» Entries taken from a collection
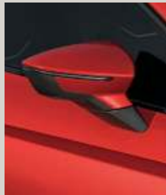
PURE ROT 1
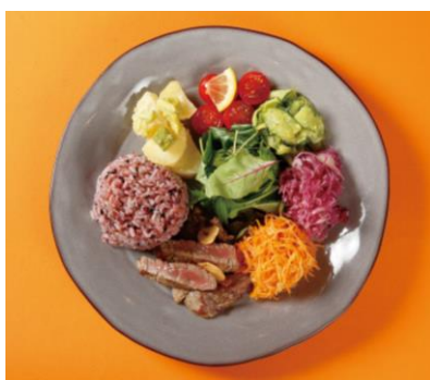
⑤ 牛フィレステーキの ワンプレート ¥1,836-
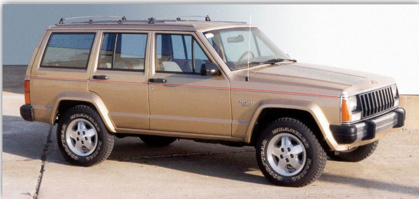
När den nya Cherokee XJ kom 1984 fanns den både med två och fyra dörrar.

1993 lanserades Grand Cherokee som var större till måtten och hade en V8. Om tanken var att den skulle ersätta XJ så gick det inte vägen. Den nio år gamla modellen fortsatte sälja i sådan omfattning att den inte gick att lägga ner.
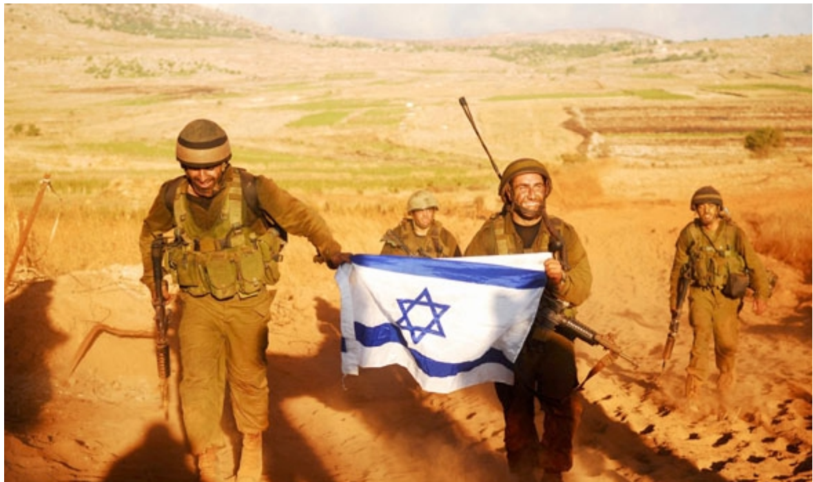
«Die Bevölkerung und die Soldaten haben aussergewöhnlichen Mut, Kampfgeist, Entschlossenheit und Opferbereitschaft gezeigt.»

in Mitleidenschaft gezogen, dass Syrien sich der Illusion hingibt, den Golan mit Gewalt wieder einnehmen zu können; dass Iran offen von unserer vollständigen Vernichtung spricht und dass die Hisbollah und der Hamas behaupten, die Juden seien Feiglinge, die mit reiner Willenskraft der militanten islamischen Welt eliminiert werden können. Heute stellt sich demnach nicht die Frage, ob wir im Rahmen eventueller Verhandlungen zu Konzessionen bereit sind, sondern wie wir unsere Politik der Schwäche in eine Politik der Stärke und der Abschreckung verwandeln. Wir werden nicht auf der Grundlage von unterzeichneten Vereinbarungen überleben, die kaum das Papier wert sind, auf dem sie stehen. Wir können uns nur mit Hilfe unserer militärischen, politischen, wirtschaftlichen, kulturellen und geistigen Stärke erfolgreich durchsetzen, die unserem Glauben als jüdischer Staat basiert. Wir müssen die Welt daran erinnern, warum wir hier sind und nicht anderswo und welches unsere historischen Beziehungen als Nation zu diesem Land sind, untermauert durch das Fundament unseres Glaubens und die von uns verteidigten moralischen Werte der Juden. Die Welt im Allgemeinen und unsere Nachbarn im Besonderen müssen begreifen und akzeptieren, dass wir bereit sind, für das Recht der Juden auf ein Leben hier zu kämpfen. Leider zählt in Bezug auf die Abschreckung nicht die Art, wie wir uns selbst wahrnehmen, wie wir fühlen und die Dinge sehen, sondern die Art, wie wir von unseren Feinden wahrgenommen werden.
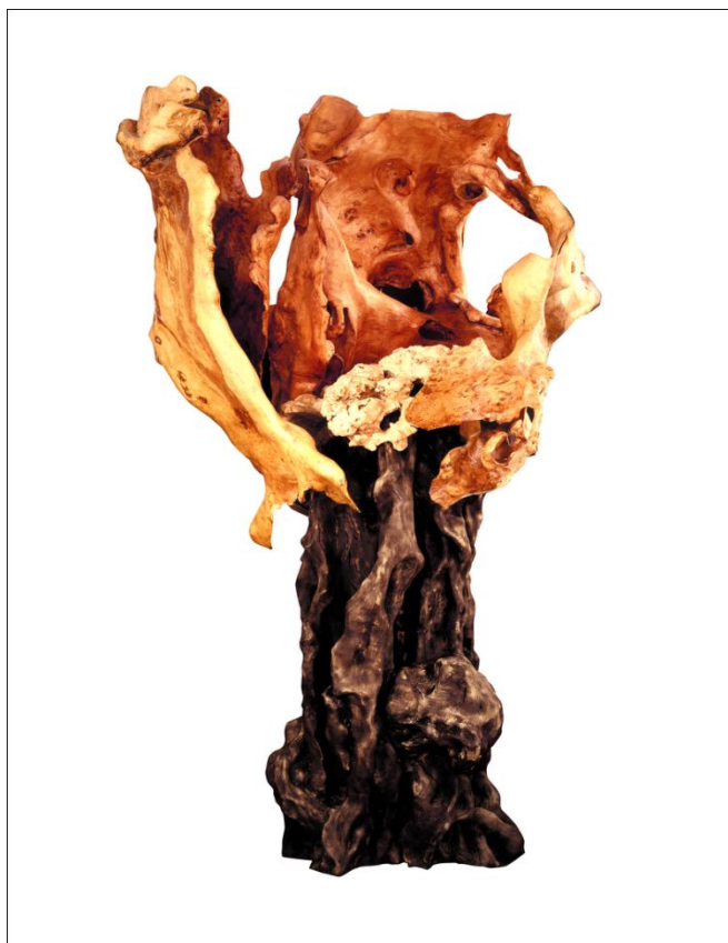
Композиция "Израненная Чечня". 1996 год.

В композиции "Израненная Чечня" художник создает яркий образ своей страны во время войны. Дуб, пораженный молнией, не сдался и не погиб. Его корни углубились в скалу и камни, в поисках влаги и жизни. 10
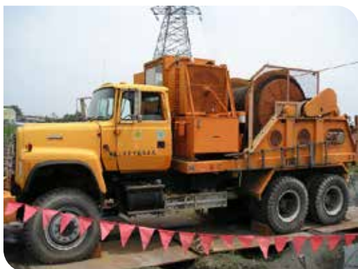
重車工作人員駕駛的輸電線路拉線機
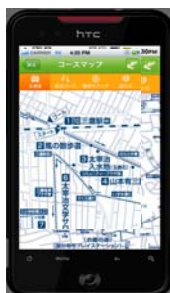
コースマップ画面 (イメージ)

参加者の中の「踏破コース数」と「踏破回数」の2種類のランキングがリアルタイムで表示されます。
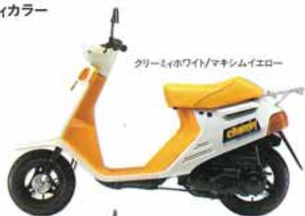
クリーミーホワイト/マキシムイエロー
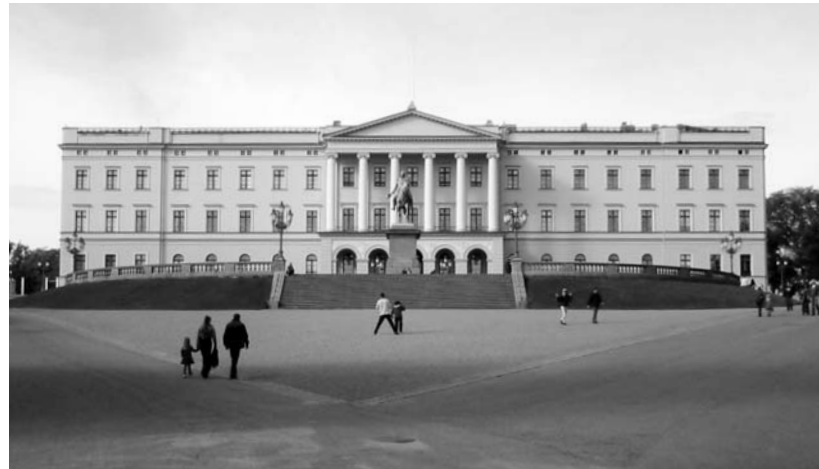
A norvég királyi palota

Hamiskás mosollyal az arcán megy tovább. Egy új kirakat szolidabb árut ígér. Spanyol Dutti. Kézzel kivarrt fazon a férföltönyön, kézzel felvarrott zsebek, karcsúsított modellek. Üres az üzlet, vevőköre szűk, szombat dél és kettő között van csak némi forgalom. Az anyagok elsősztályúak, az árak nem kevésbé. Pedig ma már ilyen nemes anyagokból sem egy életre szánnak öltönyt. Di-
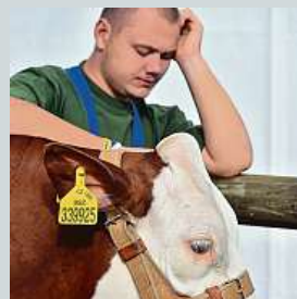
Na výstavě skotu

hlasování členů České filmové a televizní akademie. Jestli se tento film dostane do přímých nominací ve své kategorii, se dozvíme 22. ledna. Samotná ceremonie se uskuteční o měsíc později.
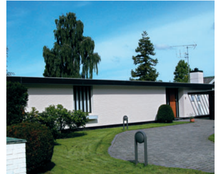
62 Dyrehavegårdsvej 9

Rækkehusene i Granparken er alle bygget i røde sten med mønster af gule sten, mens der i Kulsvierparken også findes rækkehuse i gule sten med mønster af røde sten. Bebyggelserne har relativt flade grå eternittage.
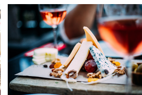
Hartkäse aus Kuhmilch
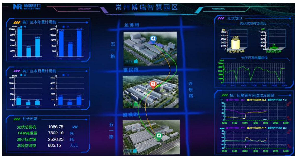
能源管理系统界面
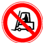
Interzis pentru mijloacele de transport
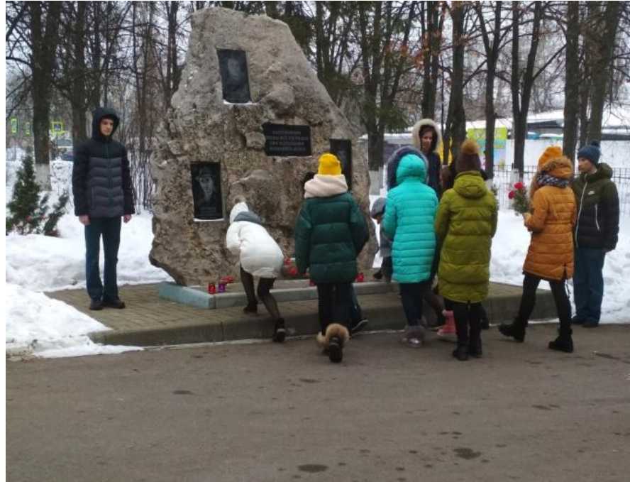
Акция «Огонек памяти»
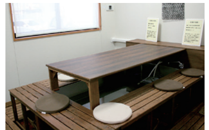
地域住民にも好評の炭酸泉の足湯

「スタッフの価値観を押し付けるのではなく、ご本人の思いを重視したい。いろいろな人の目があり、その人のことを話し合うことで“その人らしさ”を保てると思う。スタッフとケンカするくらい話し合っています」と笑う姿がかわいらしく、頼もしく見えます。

» Your objective
Of the lines above, copy each one that contains the word "Израненная".

» Answer space
Композиция "Израненная Чечня". 1996 год.
В композиции "Израненная Чечня" художник создает яркий образ своей страны во время войны. Дуб, пораженный молнией, не сдался и не погиб. Его корни углубились в скалу и камни, в поисках влаги и жизни. 10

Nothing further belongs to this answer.